Zacchaeus stares down.  Jesus pauses and looks up.  The eyes of the two men meet.  Life and joy flow through Zacchaeus and a brilliant light banishes the ambition, greed, and lust that had darkened his mind for so long.  He is a new man with that look of Jesus.  The tiny seed of faith that somehow had been planted in the tiniest bit of good soil in his soul now sprouts and grows with great intensity.  “Zacchaeus, come down quickly, for today I must stay at your house.”  The Lord knew his name!  He had called him by his name!  By speaking to Zacchaeus in this way, the Lord shows that he had planned to stay with him that evening all along.  Zacchaeus had thought that he was the one trying to see, but Jesus shows that he has been looking for him.  Zacchaeus, responding to the stirring of grace, had sought the Lord, and in so doing presented himself to him in a way he could not have imagined.


“Come down!” Jesus calls.  Obeying his inspiration, he climbs up the tree to see the Lord.  He does all that a human can do.  From that point, the Lord calls him and gives him the grace to come to him, to leave behind what he could attain with his human efforts and to live now by the strength of grace.  “Come down quickly!”  He is not to take his time but to hasten at the Lord’s word of command.  He has a new Master.  This is his chance to show how readily he obeys him.  “I must stay at your house.”  The Lord does not say, I will stay at your house, or even ask if he may stay at his house.  Jesus tells him that he must stay at his house, that is, in his heart, and he will do so “today”, now.  The use of “must” here rather than “will” is significant: Jesus is not speaking of an action he will take in the future which will run its course, but that he is coming now to his house with no intention of leaving.  In fact, though we can reject grace and so lose it, it never leaves us through wearing out or some kind of insufficiency.  


And Zacchaeus did come down quickly, and he received the Lord, embracing him with a joy he had not known himself capable of, itself increased by the joy he saw in the Lord’s eyes.  And then he began to bring him to his home.  The locals in the crowd certainly knew this man, and probably some had suffered at his hands.  They grumbled, not untruthfully, “He has gone to stay at the house of a sinner.”  And then Zacchaeus stopped in his tracks.  He faced the Lord and the crowd.  “Behold, half of my possessions, Lord, I shall give to the poor, and if I have extorted anything from anyone I shall repay it four times over.”  These are tremendous promises.  He will bankrupt himself doing this.  But they are something more than promises.  The Greek text has the verb “to give” in the present tense, not the future: I give (am giving, do give) to the poor; I repay (I am repaying, I do repay it) four times over. Repentance and restitution do not begin tomorrow, but right now.  The Lord says to him, Come down quickly.  He replies to the Lord, I repay those I have wronged quickly.


“Today salvation has come to this house because this man too is a descendant of Abraham.
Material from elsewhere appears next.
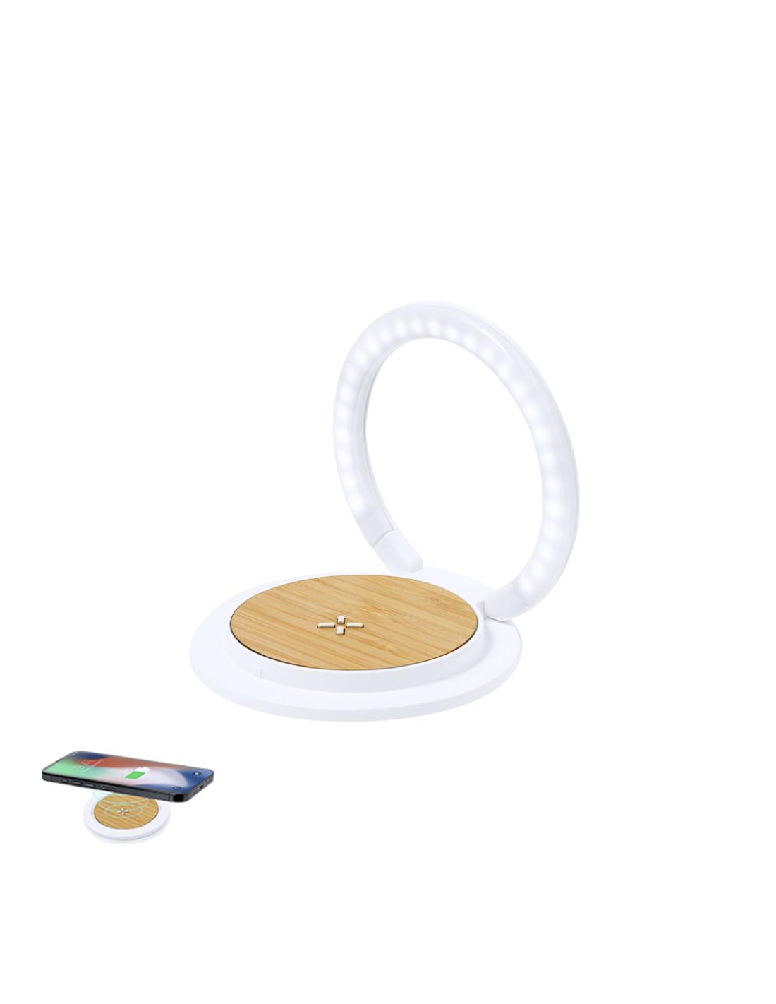 Lámpara multifunción fabricada en bambú. Con cargador inalámbrico de 15W integrado y 27 LEDs en un aro plegable que también hace de soporte. Compatible con dispositivos móviles de carga inalámbrica y con cable cargador Tipo C incluido, y presentada en una atractiva caja de diseño kraft. Disponible manual de instrucciones en español e inglés.Materiales como el bambú fomentan la utilización de materias primas naturales, reduciendo las emisiones contaminantes. Proviene de una planta de gran resistencia y versatilidad, con crecimiento y regeneración rápidos, siendo una excelente alternativa al uso de madera tradicional.Fabricada conforme a los estándares RoHS y en cumplimiento con los siguientes requisitos de seguridad:Sistema de protección contra sobrecalentamiento.Sistema de protección contra sobrecarga.Sistema...

For the Son of Man has come to seek and to save what was lost.”  Jesus is speaking to the crowd here, but for Zacchaeus to hear him as well.  “Salvation has come to this house.”  Jesus peaking in Hebrew or Aramaic, the people would have heard the One named “God saves” announcing that “salvation” has come to his house.  It is clear what Jesus was telling them about himself: he is not merely named for “salvation”, but he is himself salvation.  “This man too is a descendent of Abraham”, by faith.  St. Paul will speak extensively on this in his Letter to the Romans.  Here, let us remember what St. John the Baptist said: “I tell you that God is able of these stones to raise up children to Abraham” (Matthew 3, 9).


Those who had come out hoping to see a miracle saw a great one on this occasion: the turning of a stone, hardened in sin and unbelief, into a son of Abraham.


We see how the Lord seeks us out and inspires us to do great things.  Let us not put off the inspirations but to do them “quickly”, “today”, “now”, and so offer him hospitality.